2 Klar, simpel, kostengünstig. Die reinen Baukosten beliefen sich auf nicht einmal 270 000 Euro für die über
200 m2 Wohn- und Nutzfläche.
Nachverdichtung der unaufdringlichen
Art: ein kompakter Zweigeschosser für
eine junge Familie liegt verborgen unter
dem Blätterdach des umgebenden Baumbestands, direkt am Bodensee. Wunsch
der Bauherren war es, auf dem großen
Seegrundstück mit der im Zentrum stehenden Jugendstilvilla ein schlichtes,
modernes und nachhaltiges Wohnhaus
zu errichten. Geplant von den Architekten
Geckeler aus Konstanz entstand hier ein
beispielhaftes Gebäude, das als Holzbau
in Passivbauweise fast energieautark
funktioniert.
Der schlichte und unaufgeregte Bau konnte
mit seinem cleveren und ganzheitlichen Planungskonzept bereits mehrere Preise gewinnen. So ist es in einem von der Zeitschrift
»Das Haus« und den Landesbausparkassen ausgelobten Wettbewerb als »Das Goldene Haus« prämiert worden. Hinzu kommt
der Preis in der Rubrik »Wohnbau« des
Holzbausystemherstellers Lignotrend. Besonderes Augenmerk dieses Industriepreises liegt auf der engen Zusammenarbeit
von Architekten, Fachingenieuren und Holzbauunternehmer, die hier unter den besonderen Gegebenheiten des Grundstücks besonders wichtig war.

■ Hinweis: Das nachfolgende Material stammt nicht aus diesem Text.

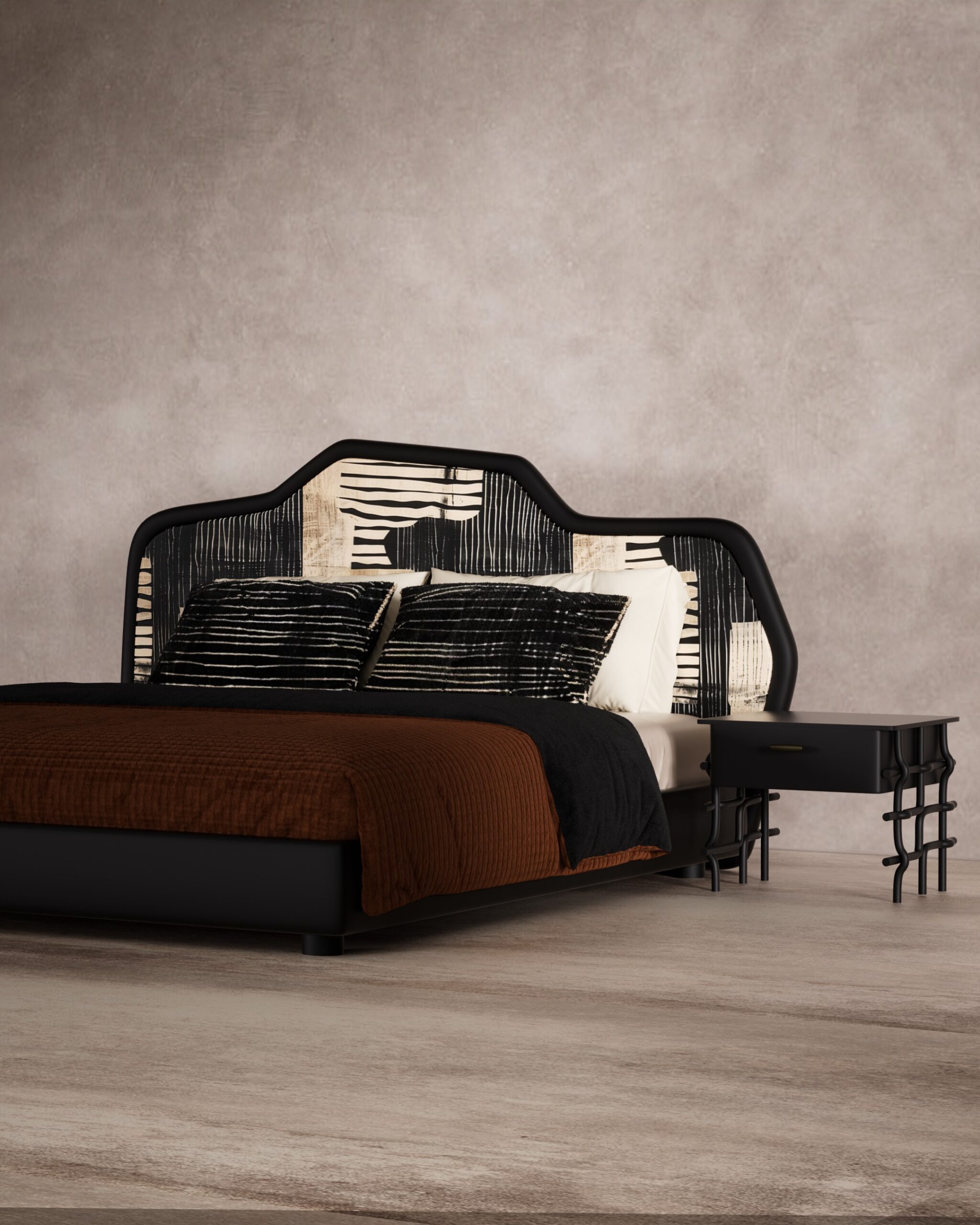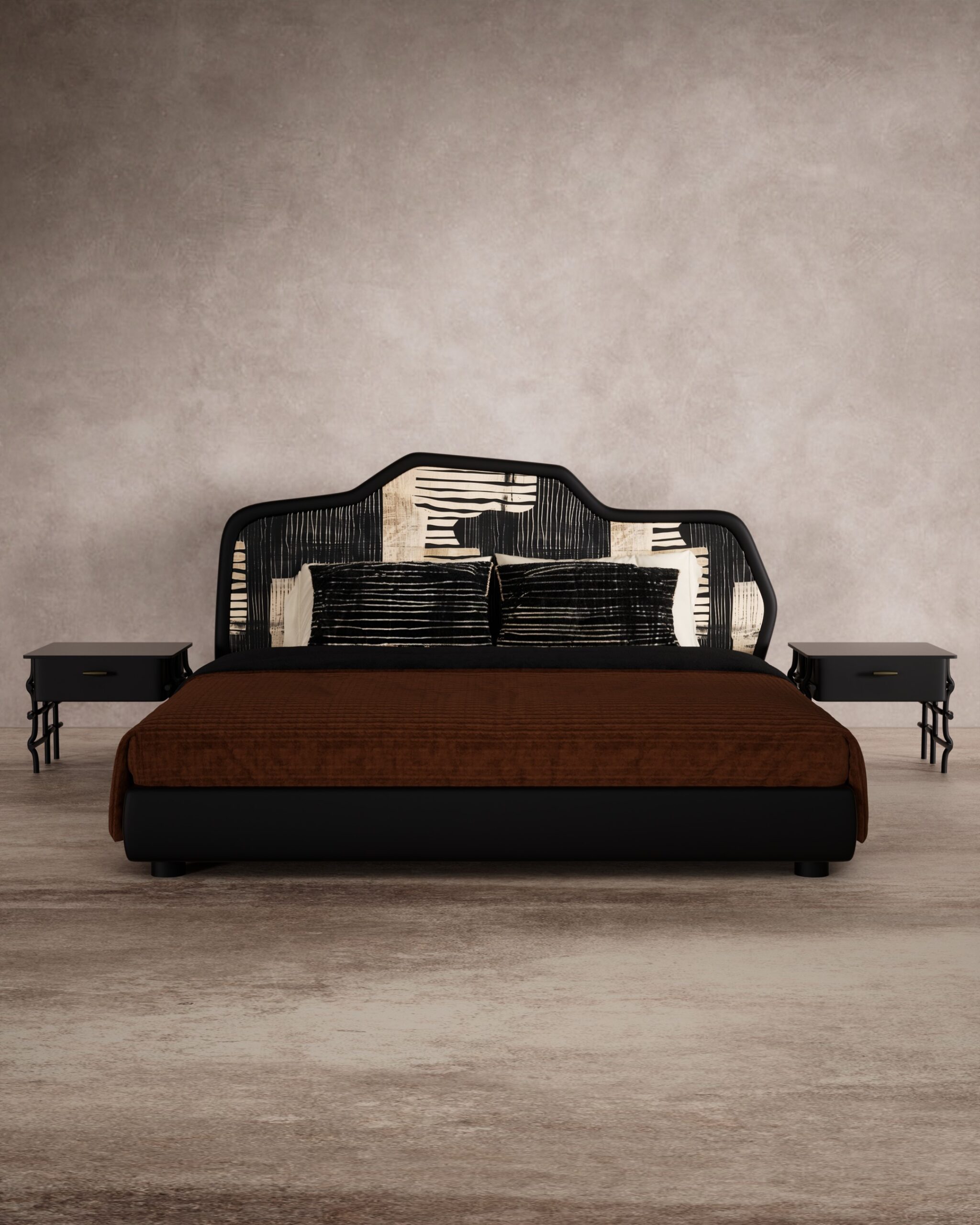The INK & OAK bed is a bold, artistic statement that merges graphic modernism with organic forms. Its focal point is the dramatic, undulating headboard framed in matte black, upholstered in a striking black and cream fabric featuring an abstract, ink-brush style pattern. This expressive backdrop is paired with matching matte black nightstands that float on unique, sculptural legs resembling wavy ironwork, finished with sleek brass drawer pulls for a touch of refined contrast.

Die zentral auf dem Grundstück stehende
Villa ließ wenig Möglichkeiten für einen geeigneten Bauplatz. Die Baugrenze zum einen und das Ufer des Bodensees zum anderen schränkten die Varianz ein. Letztlich
kam nur ein knapp 11 m breiter Baustreifen
an der Nordseite des Bestandsgebäudes infrage. In unmittelbarer Nähe, aber räumlich
von der Villa getrennt, erstreckt sich der
schlanke Baukörper entlang der Grundstücksgrenze im Norden. Das Haus öffnet
sich mit seiner großzügig verglasten Westfassade und der einladenden Terrasse zur
Seeseite hinab.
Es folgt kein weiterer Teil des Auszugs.